Anchor, like other crypto lending protocols, lends TerraUSD to borrowers in need. Critics, including cryptocurrency investors who attacked Kwon on social media, question whether such yields are sustainable. Still, investors had deposited more than $14 billion in Anchor as of late last week, according to the platform’s website.
But large trades over the weekend saw TerraUSD start to depreciate from $1. This instability prompted Anchor’s investors to sell TerraUSD. This in turn caused more investors to withdraw from Anchor, creating a knock-on effect of more withdrawals and more selling.
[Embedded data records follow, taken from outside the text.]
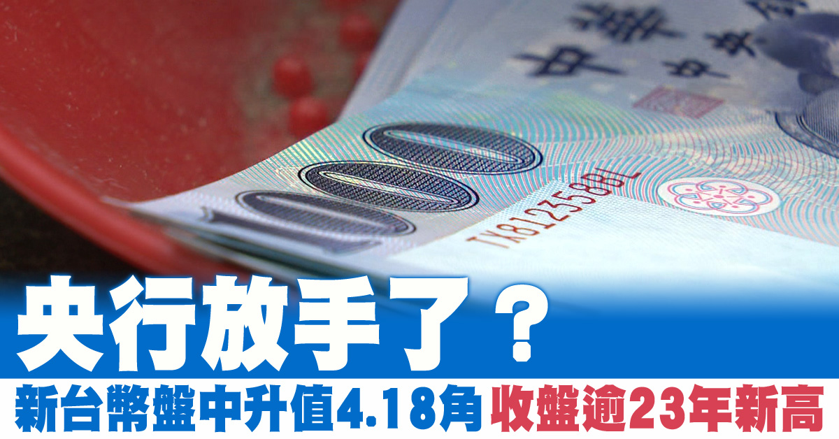 央行放手了?新台幣盤中升值4.18角 收盤逾23年新高
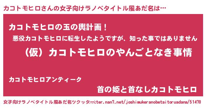 | 男性向けラノベタイトル風あだ名 | 『カコトモヒロの憂鬱』 |
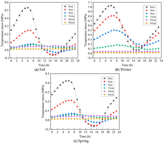 As can be seen from Figure 11, the temperature stresses in each structural layer show a regular variation. Spring and fall seasons show alternating tensile and compressive stresses, and winter seasons show complete tension with little effect of temperature stresses at the base. In terms of daily variation, the road surface temperature stress reached its maximum value at 6:00 in all three seasons, and the maximum compressive stress appeared at 15:00. Combined with Figure 9, it can also be seen that the road surface temperature extremes and temperature stress extremes exhibit the same pattern of change. And the peak temperature and the peak stress appear to be lagged sequentially with depth, and the greater the depth, the longer the lag time. And the longer the lag time of the peak temperature stress is compared to the peak temperature with increasing depth.
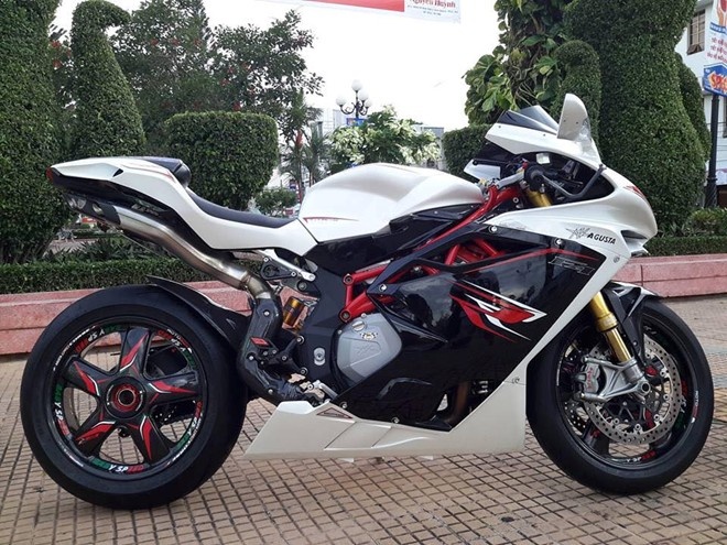 MV Agusta F4-RR ABS 2014 của một biker tại Long Xuyên được cho là đầu tiên và duy nhất tại Việt Nam. Chủ nhân của mẫu superbike này đã trang bị cho chiếc xe cặp vành Rotobox carbon, có giá khoảng 4.000 USD. Ngoài bộ vành xe đắt tiền, chiếc MV Agusta F4-RR ABS này còn được trang bị thêm những món đồ chơi khác như tay côn Brembo Billet, tay phanh Brembo Billet Moto GP Special, một số chi tiết làm từ sợi carbon... Ảnh: M-Racing Việt Nam.
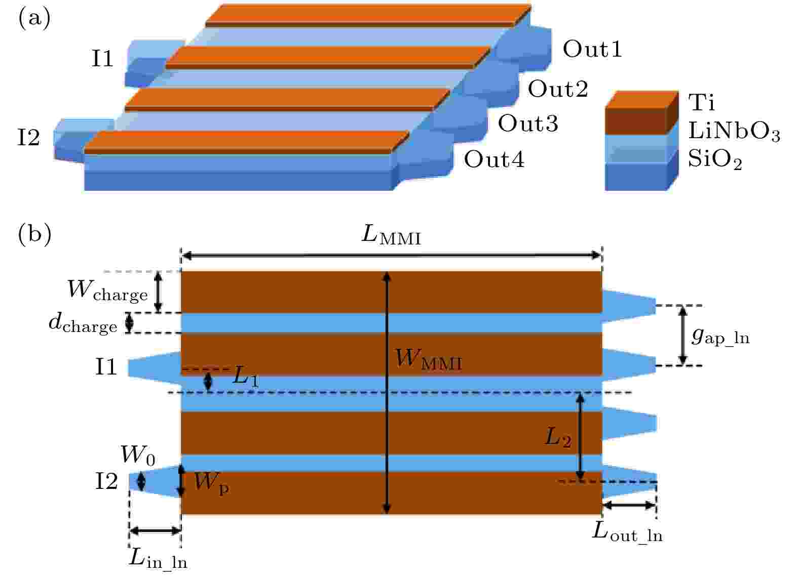 90°光混频器是无线相干光通信系统接收端的关键器件, 在提升接收端灵敏度和抗干扰能力方面发挥着重要作用. 传统的90°光混频器存在对精度要求高、体积大、受限于模式失配、偏振敏感和功能单一等缺点. 为解决上述问题且进一步实现器件的多功能化, 在铌酸锂平台基于多模干涉(multimode Interference, MMI)结构, 设计了兼具90°光混频和模式分离功能的多功能集成器件. 该器件在功能上具备良好的可扩展性, 在性能上均优于传统结构, 具有低损耗、高精度和宽带宽的特点, 并通过容差分析验证了器件在较大工艺误差范围内仍能保持优异的性能, 展现了较高的工艺容差性和可靠性. 该器件可同时应用于大规模集成光学中, 为高性能片上光通信系统提供了新技术.
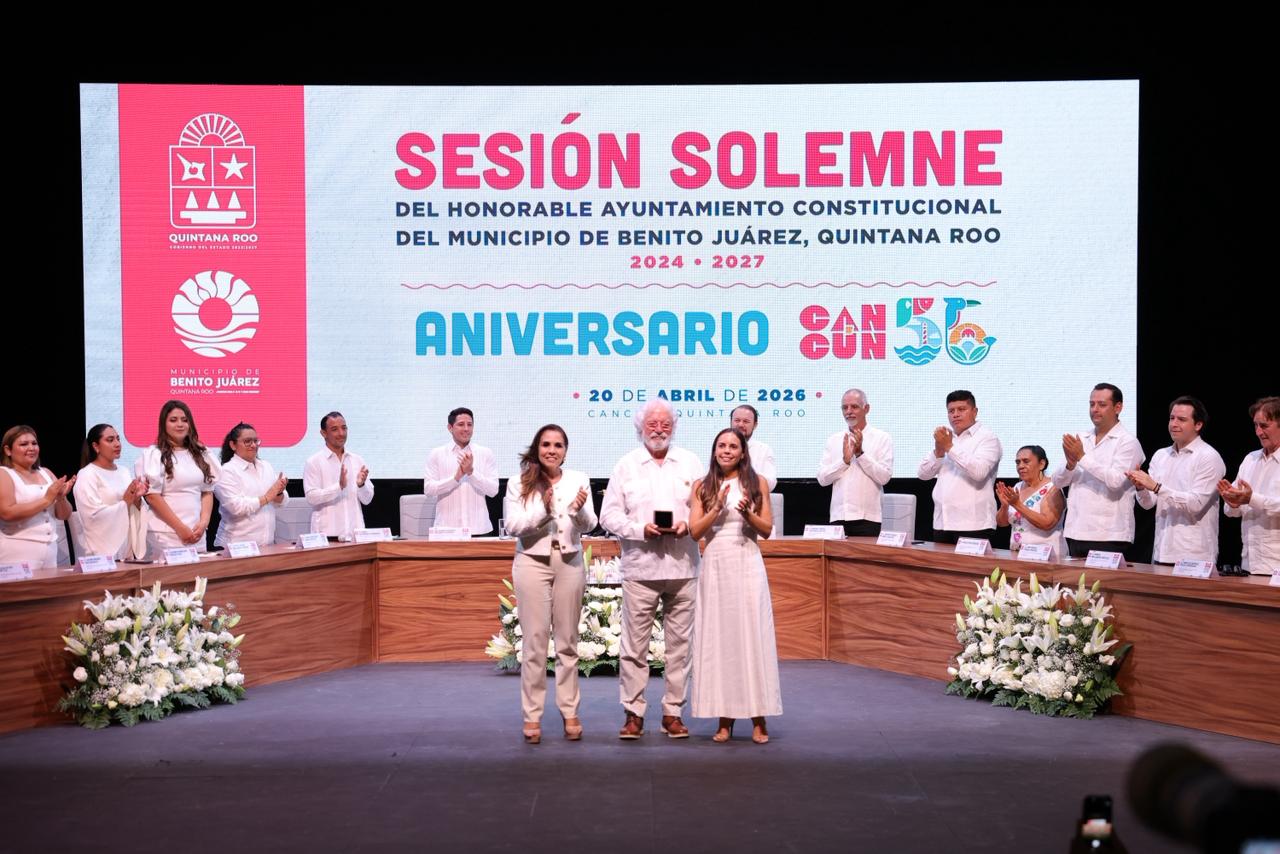 Al encabezar con la gobernadora Mara Lezama, la Cuarta Sesión Solemne del Ayuntamiento de Benito Juárez 2024-2027 en el Teatro de la Ciudad, con la presencia del secretario general del Ayuntamiento, Pablo Gutiérrez Fernández, y tras la lectura del Consejo de Premiación, entregó la Medalla al Mérito Ciudadano “Sigfrido Paz Paredes 2026” al arquitecto, empresario y filántropo Carlos Constandse Madrazo, actual presidente de la Cruz Roja Mexicana en Quintana Roo, e integrante de la Confederación Patronal de la República Mexicana (Coparmex) Quintana Roo, por su destacada contribución al desarrollo económico, turístico, así como en materia de labor social y humanística en la localidad.

As of Thursday, Anchor’s TerraUSD deposits fell to about $2 billion, down 86% from its peak, the protocol’s website shows.
“There was a bank run,” said Michael Boroughs, managing partner at crypto hedge fund firm Fortis Digital Value LLC.
“Once people lose confidence, which we’ve seen before in money market funds and commercial paper trading, they race to get out,” said Joe Abate, a research analyst at Barclays.
The TerraUSD crisis was a blow to the Stanford graduate Kwon’s reputation. Kwon worked in cryptography beforeappleCompany (Apple Inc.) andMicrosoftcompany (Microsoft Corp.). He is outspoken on social media, often attacking critics in the crypto community.
Trouble with TerraUSD could cast a shadow of suspicion on all stablecoins, or at least turn customers to its competitors.
Treasurer Janet Yellen told Senate lawmakers on Tuesday that TerraUSD’s slump fueled the administration’s concerns that stablecoins, which include both traditional currency-backed and algorithm-backed technological means, could be stomped on by investors and require a regulatory framework.
Martin Hiesboeck, head of blockchain and crypto research at digital money platform Support, said many investors rushing to trade TerraUSD may not even know what they are doing.
“You can have a bunch of developers write an algorithm and they themselves probably know 100 percent how it works,” Heathbock said, “but the average investor doesn’t read code. They don’t read the fine print.”